In some embodiments, the lipid nanoparticle of the disclosure is part of a pharmaceutical composition and is administered to treat and/or prevent a disease condition. The treatment may provide a prophylactic (preventive), ameliorative or a therapeutic benefit. The pharmaceutical composition will be administered at any suitable dosage. In one embodiment, the pharmaceutical compositions is administered parentally, i.e., intra-arterially, intravenously, subcutaneously or intramuscularly. In yet a further embodiment, the pharmaceutical compositions are for intra-tumoral or in-utero administration. In another embodiment, the pharmaceutical compositions are administered intranasally, intravitreally, subretinally, intrathecally or via other local routes.
The pharmaceutical composition may further comprises one or more pharmaceutically acceptable excipients. An excipient is a substance included in a pharmaceutical composition for the purpose of long-term stabilization, bulking up solid formulations that contain potent active ingredients in small amounts (i.e. may function as “bulking agents”, “fillers”, or “diluents”), or in some cases to enhance delivery of the active ingredient in the final dosage form, such as facilitating drug absorption, reducing viscosity, or modifying (often increasing) solubility. Excipients may also play a role in facilitating/improving manufacturing, e.g. acting as an antiadherent, binder, coating, glidant, lubricant, preservative, sorbent, and/or vehicle (for liquid and gel formulations). The term excipient encompasses the terms “carrier” and “diluent”. Non-limiting examples of suitable excipients include any suitable buffers, stabilizing agents, salts, antioxidants, complexing agents, tonicity agents, cryoprotectants, lyoprotectants, suspending agents, emulsifying agents, antimicrobial agents, preservatives, chelating agents, binding agents, surfactants, wetting agents, non-aqueous vehicles such as fixed oils, or polymers for sustained or controlled release. See, for example, Berge et al. 1977. (J. Pharm Sci. 66:1-19), or Remington—The Science and Practice of Pharmacy, 21st edition (Gennaro et al editors. Lippincott Williams & Wilkins Philadelphia), each of which is incorporated by reference in its entirety. As used herein, “pharmaceutically acceptable” refers to a substance that is acceptable for use in pharmaceutical applications from a toxicological perspective and does not adversely interact with the active ingredient. Accordingly, pharmaceutically acceptable carriers are those that are compatible with the other ingredients in the formulation and are biologically acceptable. Supplementary active ingredients can also be incorporated into the pharmaceutical compositions. Excipients include, but are not limited to, binders, fillers, flow aids/glidants, disintegrants, lubricants, stabilizers, surfactants, and the like.
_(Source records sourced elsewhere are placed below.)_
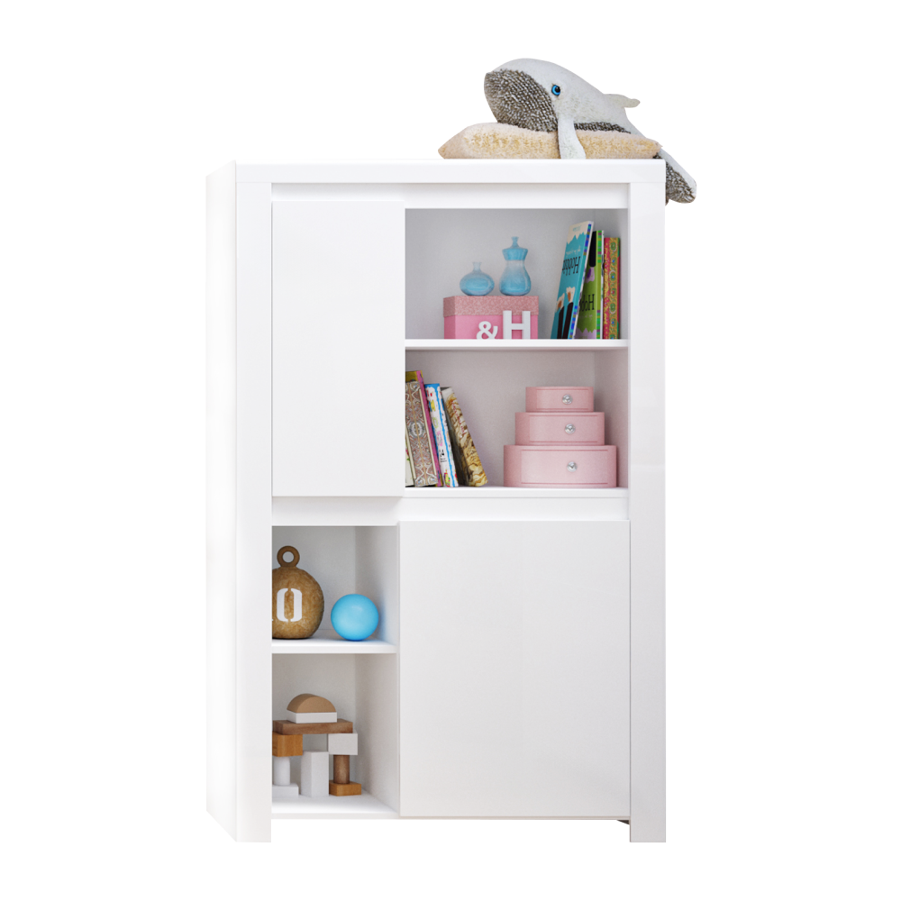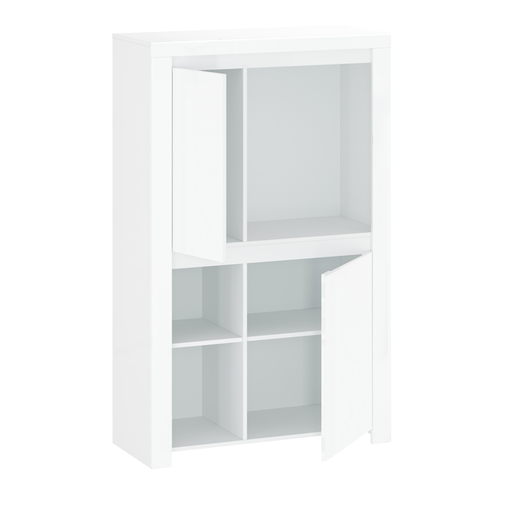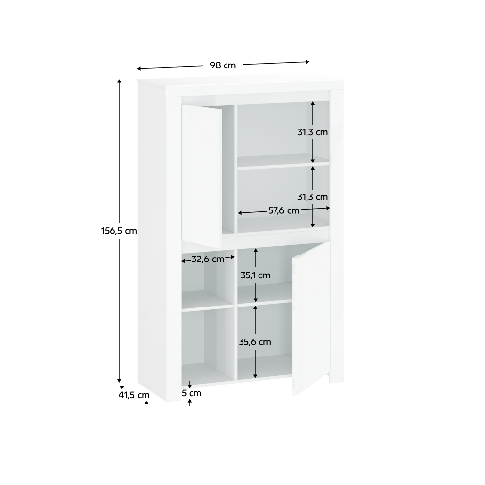 Materiál: laminovaná DTD/MDFFarba: biely leskRozmery (ŠxHxV): 98x41,5x156,5Materiál dvierka: MDFHrúbka materiálu: 1,6 cmABS hranyKombinovaný regálObsahuje otvorené police a dve skrinkyOtvorený aj uzavretý úložný priestorBez úchytiekModerný dizajn a atraktívny dizajnDodávané v demonte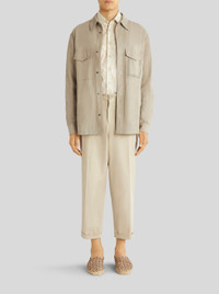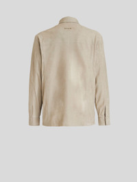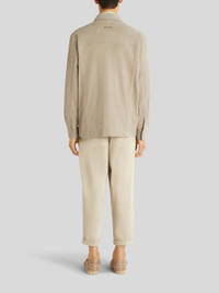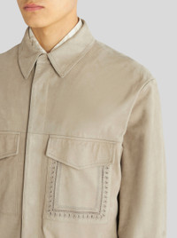 Suede safari jacket featuring geometric Paisley bandana intarsia embroidery on front pocket and embellished by four micro Crown Me ETRO studs on rear representing the letters ETRO. PRODUCT DETAILS • Exterior: 100% calfskin • Body lining: 100% cupra • Sleeve lining: 100% viscose • Regular fit • Shirt collar • Press button fastening • Patch breast pockets • Side pockets with buttons • Piped inside pockets • Wrists with press button • Straight bottom • Made in Italy • The model is 188 cm tall and wears size M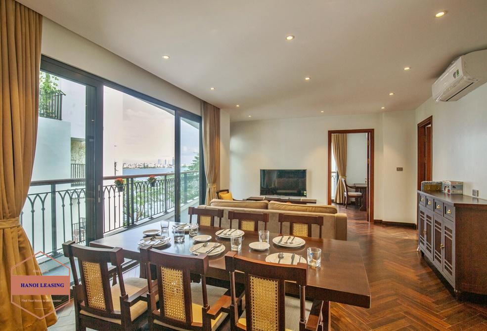 A bright 3 bedrooms apartment with lake view in Tay ho, Hanoi. The total living space is 140sqm, brightly living room with big balcony, 3 bedrooms and 2 bathrooms. It is located next to lake, walking distance to restaurants, cafes, shops...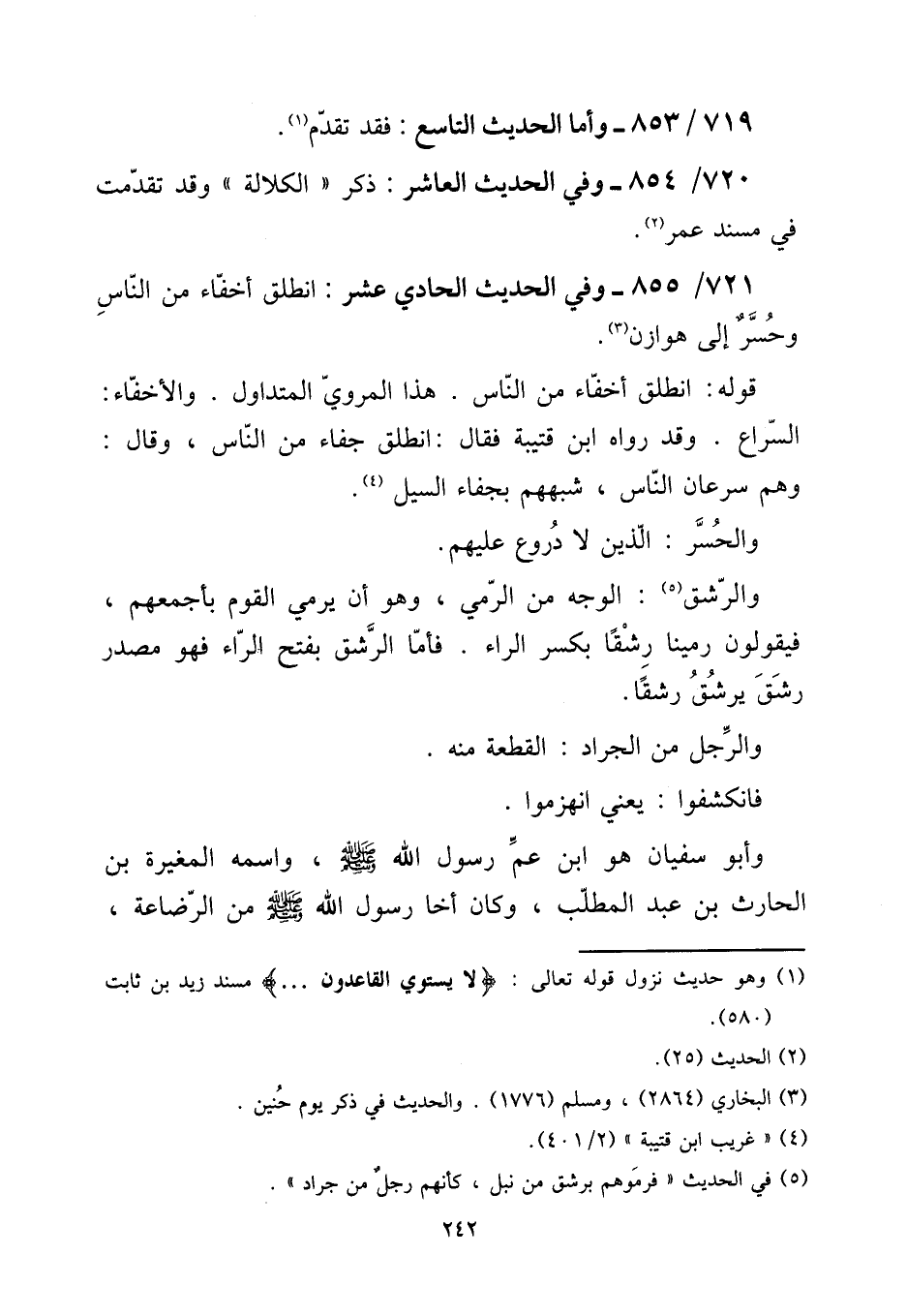 721 - / 855 - وَفِي الحَدِيث الْحَادِي عشر: انْطلق أخفاء من النَّاس وحسر إِلَى هوَازن. [15] قَوْله: انْطلق أخفاء من النَّاس. هَذَا الْمَرْوِيّ المتداول. والأخفاء: السراع. وَقد رَوَاهُ ابْن قُتَيْبَة فَقَالَ: انْطلق جفَاء من النَّاس، وَقَالَ: وهم سرعَان النَّاس، شبههم بجفاء السَّيْل. [15] والحسر: الَّذين لَا دروع عَلَيْهِم. والرشق: الْوَجْه من الرَّمْي، وَهُوَ أَن يَرْمِي الْقَوْم بأجمعهم، فَيَقُولُونَ رمينَا رشقا بِكَسْر الرَّاء فَأَما الرشق بِفَتْح الرَّاء فَهُوَ مصدر رشق يرشق رشقا. [15] وَالرجل من الْجَرَاد: الْقطعَة مِنْهُ. [15] فانكشفوا: يَعْنِي انْهَزمُوا. [15] وَأَبُو سُفْيَان هُوَ ابْن عَم رَسُول الله صلى الله عَلَيْهِ وَسلم، واسْمه الْمُغيرَة بن الْحَارِث بن عبد الْمطلب، وَكَانَ أَخا رَسُول الله صلى الله عَلَيْهِ وَسلم من الرضَاعَة،

The compositions described herein may be administered to a subject. The terms “patient” and “subject” as used herein includes a human or a non-human subject. As used herein, the terms “treat”, “treatment”, “therapeutic” and the like includes ameliorating symptoms, reducing disease progression, improving prognosis and reducing recurrence.
In some embodiments, the lipid nanoparticles have long circulation lifetimes, which may be beneficial to access extrahepatic tissues. In some embodiments, the lipid nanoparticles have improved scalability. In some embodiments, the lipid nanoparticles improve the internalization of GNP (or other metal nanoparticles) to avoid immune response issues. In some embodiments, the lipid nanoparticles have improved ability to efficiently encapsulate drug cargo.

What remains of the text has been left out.